Fair enough. I’m just saying, the galaxies aren’t made purely of light, so you still don’t have a computer of “nothing but” photons. But sure, the logic elements could be purely photonic.
It’s an intriguing idea, a pure photon-based gate based on elastic scattering of photons, however I don’t see how such a system would function, even in principle. Feel free to elaborate. Also, presumably constructing an equivalent electron- or neutron-based gate would be easier.
It’s an intriguing idea, a pure photon-based gate based on elastic scattering of photons, however I don’t see how such a system would function, even in principle.
I have no idea either. All that I have is a flawed analogy: We could in principle build a computer consisting of nothing but billiard balls as constituent parts. This would work even if meeting billiard balls, instead of bouncing off each other, just changed their trajectories slightly, with a very small probability. I’d like to know whether this crude view of photon-photon scattering is A. a simplification that helps focus on the interesting part of the question, or B. a terrible misunderstanding.
Now I’ll tell the original motivation behind the question. As an old LW regular, you have probably seen some phrase like “turn our future light cone into computronium” tossed out during some FAI discussion. What I am interested in is how to actually do that optimally, if you are limited by nothing but the laws of physics. In particular, I am interested in whether the optimal solution involves light-speed (or asymptotically light-speed) expansion, or (for entropy or other considerations) does not actually end up eating the whole light cone.
Obviously this is not my home turf, so maybe it is not even true that the scattering question is relevant at all when we try to answer the computronium question. I would appreciate any insights about either of them or their relationship.
I am interested in whether the optimal solution involves light-speed (or asymptotically light-speed) expansion, or (for entropy or other considerations) does not actually end up eating the whole light cone.
The form of the expansion has very little to do with the form of the computronium.
Launch von Neumann probes at c-ε. They can be tiny, so the energy cost to accelerate them is negligible compared to the energy you can harvest from a new star system. When one arrives, it builds a few more probes and launches them at further stars, then turns all the local matter into computers. The computers themselves don’t need to move quickly, since the probes do all the long-distance colonization.
You are right. Originally I became interested in purely photon-based computation because I had an even more speculative idea that seemed to require it. If you have a system that terraforms everything in its path and expands with exactly the speed of light, then you are basically unavailable to outside observation.
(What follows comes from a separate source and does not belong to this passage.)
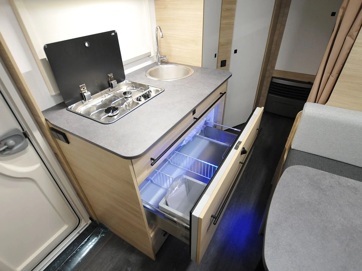 Achterin de caravan vindt u een royale toiletruimte met draaibaar cassette toilet en een douchebak. In de keuken tegenover de treinzit vindt u o.a. een Compressor koelkast XL Freeze van 150 liter en een 3-pits kooktoestel en spoelbak uit RVS met een glazen afdek voor meer werkruimte.

You can probably see where this line of thought leads. I am aware of the obvious counterargument, but as I explained there, it is a bit weaker than it first appears.
You can build outside walls out of billiard balls. Eventually, such a system will disintegrate, but this is no different from any other type of computer. The important thing is that for any given computation length you can build such a system. The size of the system will grow with required computation length, but only polynomially.
Ah, now I see your point. I had this misconception that if you send a billiard ball into a huge brick-wall of billiard balls, it will bounce back. Okay, I don’t have a design.
if you send a billiard ball into a huge brick-wall of billiard balls, it will bounce back.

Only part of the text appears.